Le tappe del nuovo conflitto
Prosegue l’avanzata dei combattenti tuareg verso le grandi città del nord con il conseguente flusso di civili in fuga. La ripresa della ribellione indipendentista dei popoli di lingua tamashek, ha già provocato almeno 50.000 sfollati. Ma sta anche mettendo a dura prova il governo di Bamako alla vigilia delle elezioni.

Dal 17 gennaio, data d’inizio della nuova offensiva indipendentista, sono già sette le città del nord del Mali attaccate dal Movimento Nazionale per la Liberazione dell’Azawad (MNLA). L’ultima, l’8 febbraio, è Tinzaouatène, nel nord-est, proprio sul confine algerino, nella regione di Kidal.

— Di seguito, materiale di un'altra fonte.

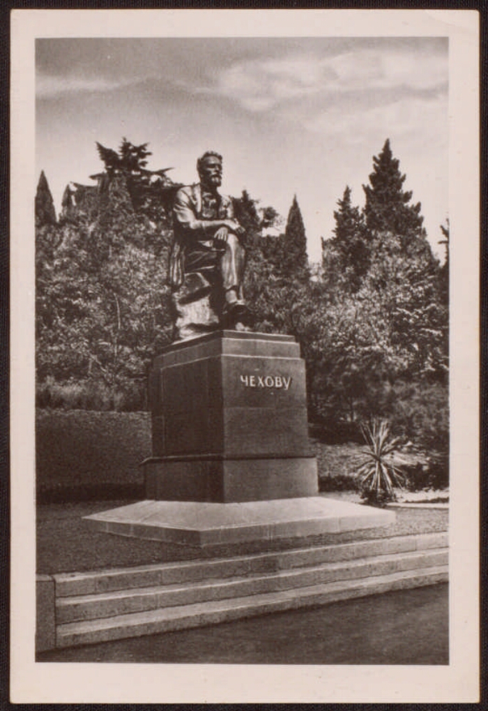 Ялта. Приморский парк. Памятник А. П. Чехову [Изоматериал : электронный ресурс] : [открытка] / фото Т. Бакмана. - Электронные данные (2 файла : 2,6 МБ). -(Санкт-Петербург: Президентская библиотека имени Б. Н. Ельцина , 2014). - Режим доступа: интернет-портал Президентской библиотеки имени Б. Н. Ельцина. Заглавие с экрана. Электронная репродукция почтовой открытки: Ялта. Приморский парк. Памятник А. П. Чехову [Изоматериал] / фото Т. Бакмана. Киев : Фабрика массовой фотопечати треста "Укрфото", 1956. 1 открытка : офсет. (Крым / редактор А. Погорелов). БФ 03756. № 1082. 65 коп. Тираж 10 т. Местонахождение: Детский музей открытки, Санкт-Петербург. Копирование пользователями не разрешается. На открытке фотография памятника Антону Павловичу Чехову в Ялте. 15 июля 1953 года, в 49-ю годовщину со дня смерти писателя, в центре главной аллеи Приморского парка был открыт памятник Антону Павловичу Чехову. В открытии приняли участие и выступили с речами сестра писателя — М. П. Чехова и его жена — О. Л. Книппер-Чехова. - Использованы материалы сайта "Ялта путеводитель" (http://jalita.com/guidebook/street/monument_chekhov.shtml)

Il primo attacco, quello che ha aperto questa nuova fase dell’annoso conflitto tra le popolazioni touareg e il governo di Bamako dopo gli accordi di pace siglati nel 2009, è stato compiuto più a sud, nella regione di Gao, sulle città di Ménaka e Andéramboukane (vicino al confine con il Niger). Solo ventiquattrore dopo sono cadute Aguelhoc e Tessalit (vicino alla frontiera algerina), seguite, a distanza di una settimana, dall’apertura di un nuovo fronte a nord-ovest, vicino al confine con la Mauritania, con la presa di Léré e Niafounké. Conquiste, queste, facilitate dalla strategia adottata dall’esercito: ritirare i contingenti dalle postazioni isolate per concentrare le forze a difesa delle grandi città: Kidal, Gao e Timbouctou.

 

Con l’intensificarsi degli scontri e l’avanzata dei touareg verso le grandi città, aumenta anche il flusso di civili in fuga. Almeno 30.000 sfollati interni, 10.000 in Niger, 9.000 in Mauritania e 3.000 in Burkina Faso, secondo i dati della croce Rossa Internazionale e dell’Alto Commissariato Onu per i Rifugiati.

 

Un’offensiva improvvisa, compiuta da un movimento che appare ben organizzato e molto ben equipaggiato in armi, rafforzato, sostiene Bamako, dall’afflusso dalla Libia di ex combattenti pro-Gheddafi. Ma rinvigorito anche dalle defezioni di soldati che si uniscono ai ribelli e dal sostegno, diretto e indiretto, di una consistente parte della popolazione. Non solo touareg. A nemmeno due settimane dall’inizio di questo nuovo conflitto, all’inizio di febbraio, la capitale è stata, infatti, investita da una serie di manifestazioni spontanee. Le donne dei soldati impegnati nei combattimenti, hanno raggiunto il palazzo Presidenziale denunciando la mancanza di informazioni sulla sorte dei mariti e la cattiva gestione della crisi da parte dell’esecutivo. Le proteste si sono estese in seguito anche ad città del paese.

Solo pochi giorni prima il presidente Amadou Toumani Toure aveva lanciato un appello, invitando i maliani a non fare “amalgama” con ribelli e civili touareg. Appello rilanciato più volte negli ultimi giorni, assieme alla richiesta di un cessate-il-fuoco rivolto ai vertici del MNLA, invitati a sedersi ad un tavolo negoziale. Inviti che sono stati però decisamente respinti dal Movimento, che accusa il governo di aver mantenuto un atteggiamento discriminatorio nell’inserimento di touareg ai posti di potere, e torna a rivendicare l’indipendenza dei territori della regione dell’Azawad (territorio storicamente abitato dalle popolazioni nomadi di lingua tamashek che comprende il nord del Mali e del Niger, e parte dell’Algeria del sud).

Il governo dell’ex colonia francese appare intimorito. Anche perché l’apertura inattesa di questo nuovo scenario – che evidenzia le carenze e gli errori compiuti sul piano dell’unità nazionale dopo la fine del precedente conflitto – arriva in un momento particolarmente delicato: le elezioni presidenziali del 29 aprile, previste in concomitanza con un referendum costituzionale, a cui seguiranno, a giugno e luglio, le legislative.

Apertamente preoccupata è invece Parigi. La Francia teme il dilagare del conflitto al vicino Niger e la ripresa delle ostilità dei gruppi touareg nella regione mineraria di Arlit, da cui Areva, il colosso francese del nucleare, estrae un terzo dalla sua produzione mondiale (oltre 8.600 tonnellate nel 2009). (m.t.)